GIVEN DATA Start Marker

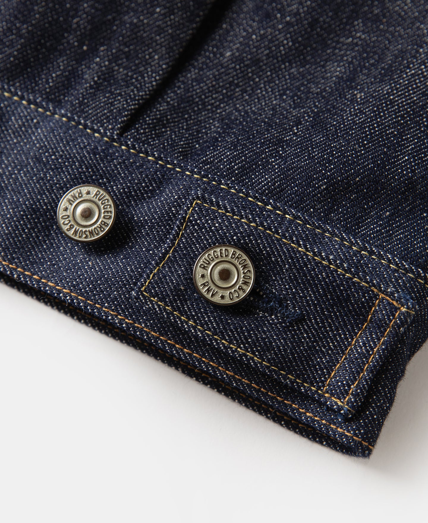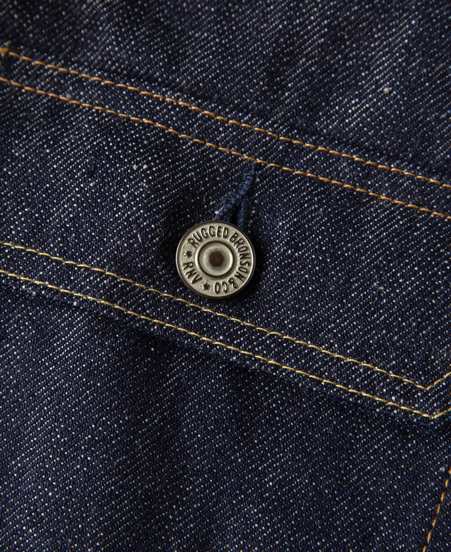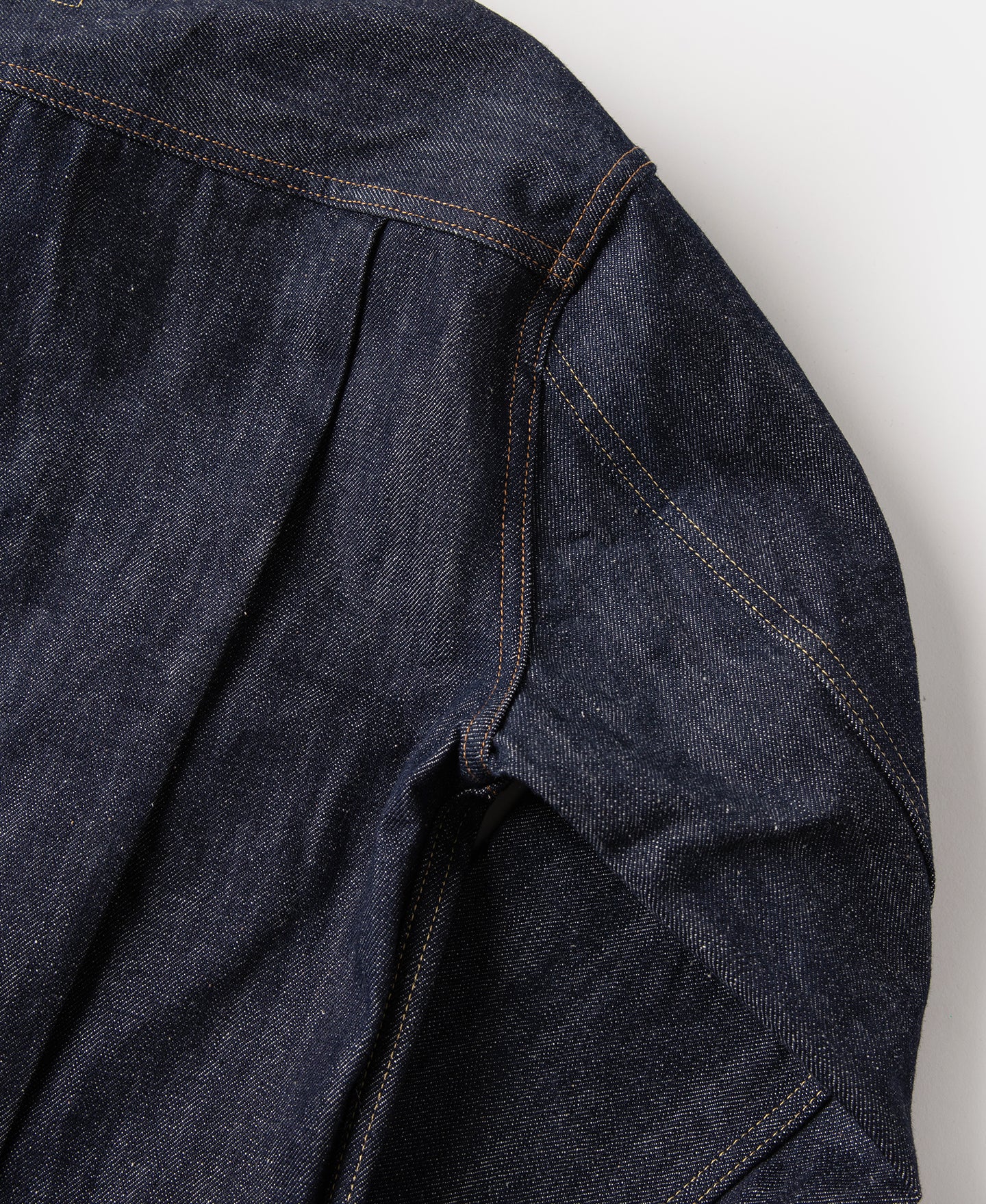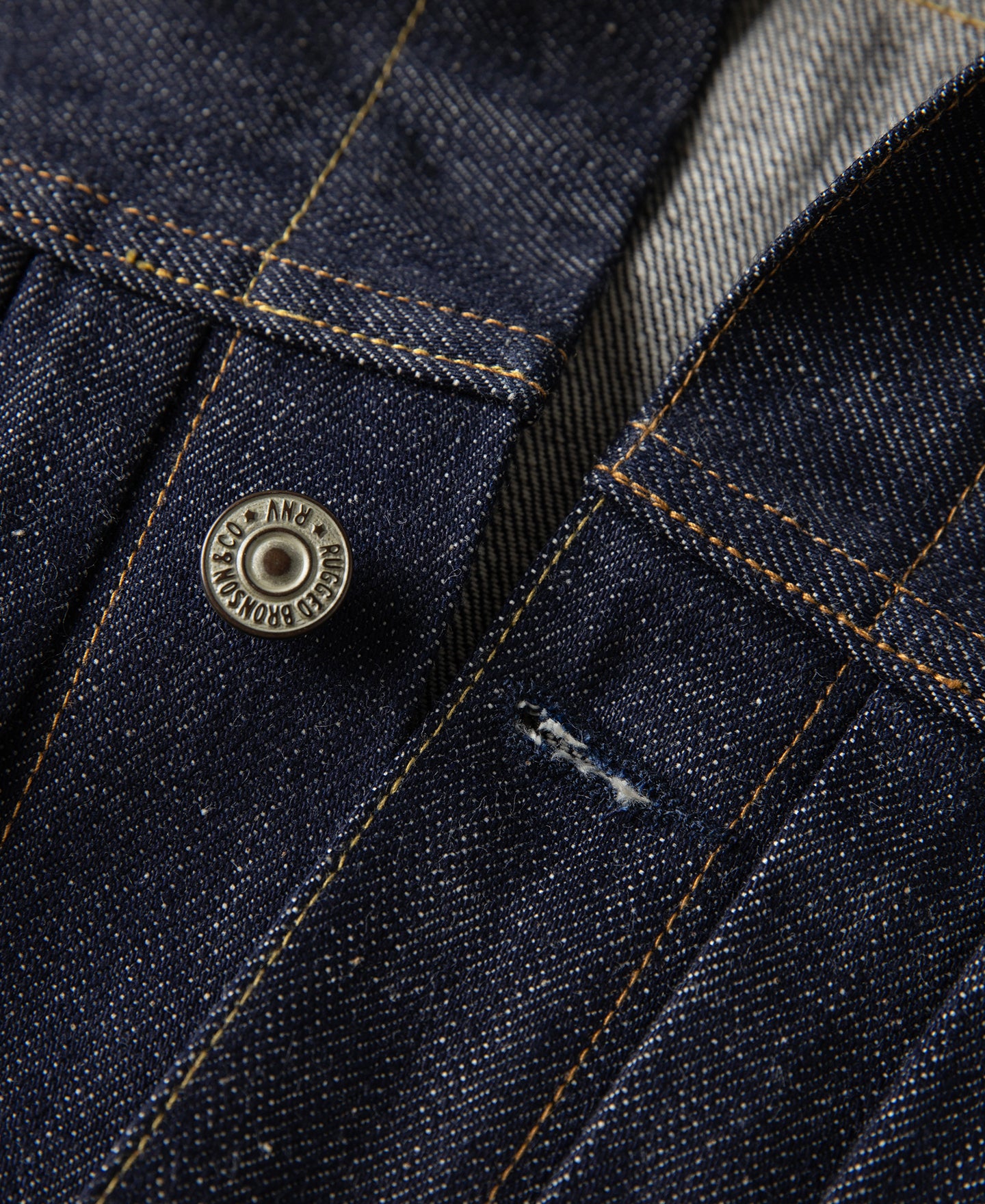 Inspired by the 1952 second-generation denim jacket, this reproduction features a trimmer, more fitted silhouette with two symmetrical chest patch pockets. The traditional back cinch has been removed and replaced with adjustable side tabs. A cardstock patch substitutes the leather patch of earlier models, while iron buttons and iron rivets complete the design, echoing the practical, utility-driven details of the era.
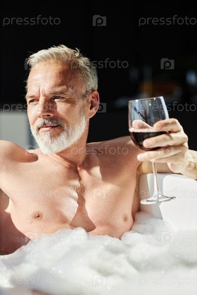 Улыбающийся пожилой мужчина держит бокал вина, пока занимается пенообразной ванной в помещении
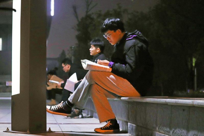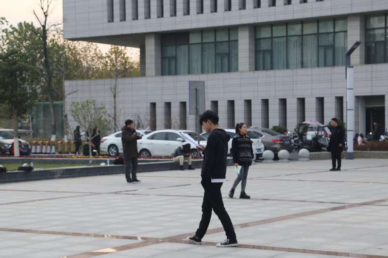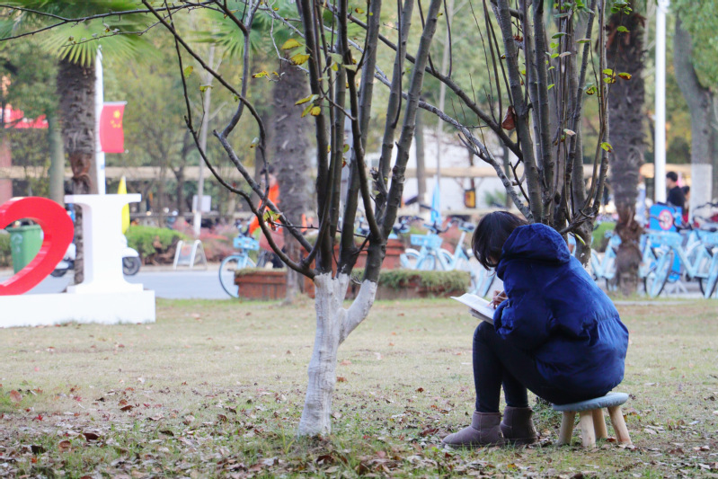 或坐或立或漫步,或读或背或提问,几人伴夕阳,努力为圆梦。
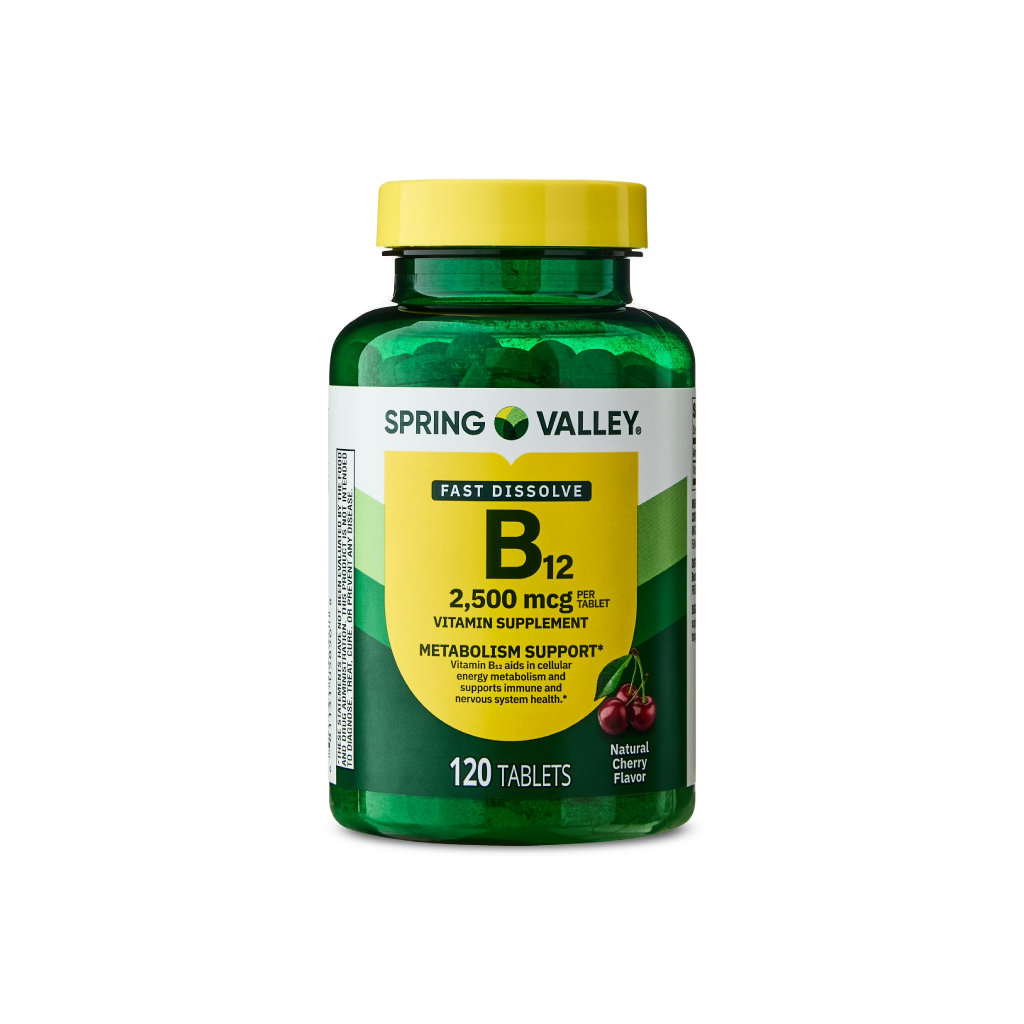 VITAMINA B12 QUICK DISSOLVE SPRING VALLEY (Disolución rápida) 2,500 mcg, sabor a cereza 120 tabletas
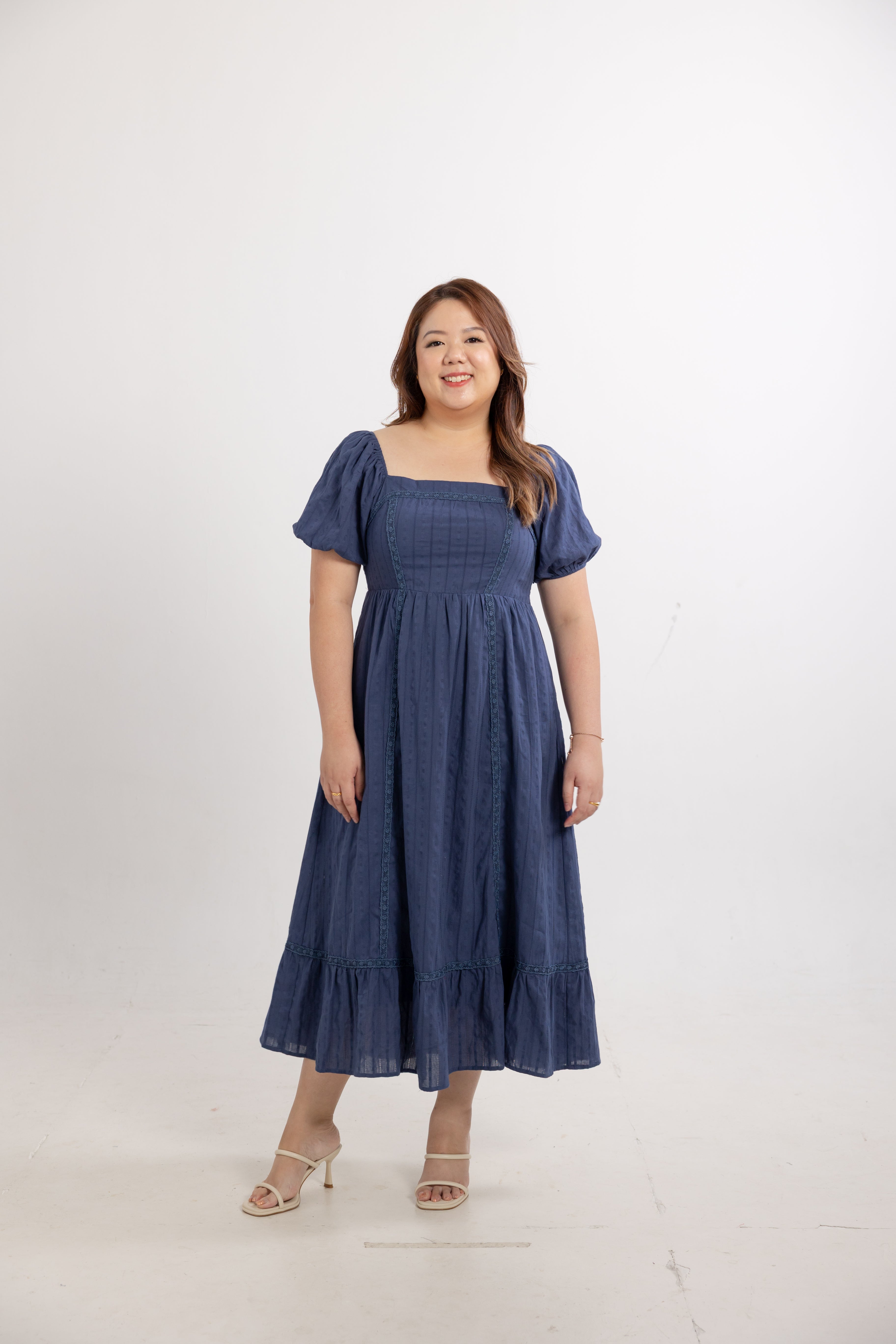 The softly squared neckline frames the collarbone with quiet elegance, complemented by softly gathered puff sleeves that add balance and femininity without excess volume. A fully smocked back panel provides flexible ease through the bust and waist, allowing the dress to adapt naturally to different body shapes while maintaining a flattering, softly defined silhouette.
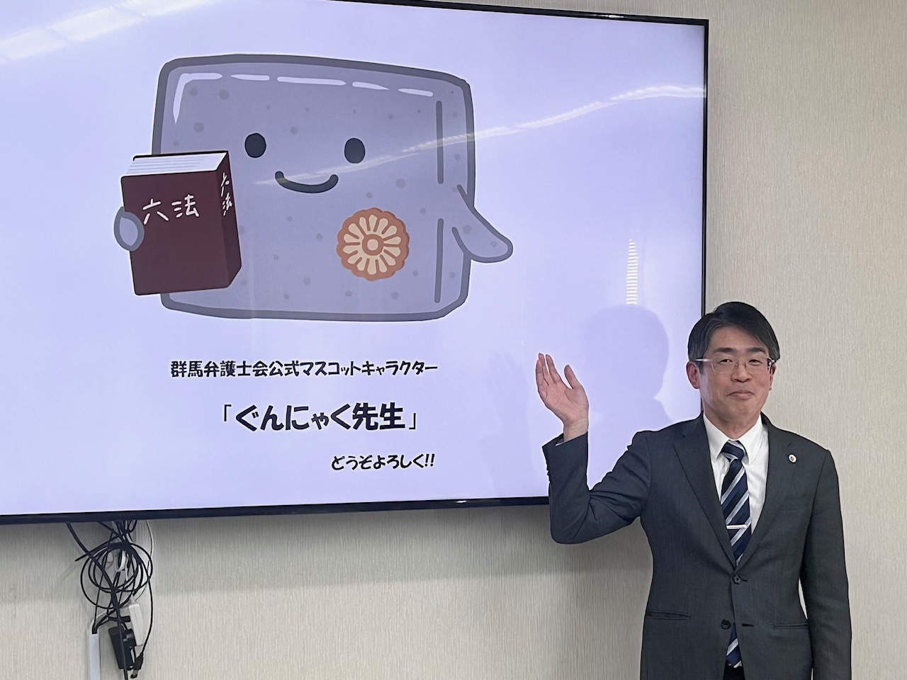 また、群馬弁護士会はこんにゃくをモチーフにした会の公式マスコットキャラクター「ぐんにゃく先生」を発表しました。弁護士の堅いイメージを払拭し、誰でも気軽に相談できる雰囲気を目指します。キャラクターは全国から公募で集まった133案から弁護士会員らが選定し、前橋市の女性が応募した案が選ばれました。

GIVEN DATA End Marker

*THE TASK*.
Transcribe every line of the data exactly. No pictures go in the copy.

*ANSWER SECTION*.
 Inspired by the 1952 second-generation denim jacket, this reproduction features a trimmer, more fitted silhouette with two symmetrical chest patch pockets. The traditional back cinch has been removed and replaced with adjustable side tabs. A cardstock patch substitutes the leather patch of earlier models, while iron buttons and iron rivets complete the design, echoing the practical, utility-driven details of the era.
 Улыбающийся пожилой мужчина держит бокал вина, пока занимается пенообразной ванной в помещении
 或坐或立或漫步,或读或背或提问,几人伴夕阳,努力为圆梦。
 VITAMINA B12 QUICK DISSOLVE SPRING VALLEY (Disolución rápida) 2,500 mcg, sabor a cereza 120 tabletas
 The softly squared neckline frames the collarbone with quiet elegance, complemented by softly gathered puff sleeves that add balance and femininity without excess volume. A fully smocked back panel provides flexible ease through the bust and waist, allowing the dress to adapt naturally to different body shapes while maintaining a flattering, softly defined silhouette.
 また、群馬弁護士会はこんにゃくをモチーフにした会の公式マスコットキャラクター「ぐんにゃく先生」を発表しました。弁護士の堅いイメージを払拭し、誰でも気軽に相談できる雰囲気を目指します。キャラクターは全国から公募で集まった133案から弁護士会員らが選定し、前橋市の女性が応募した案が選ばれました。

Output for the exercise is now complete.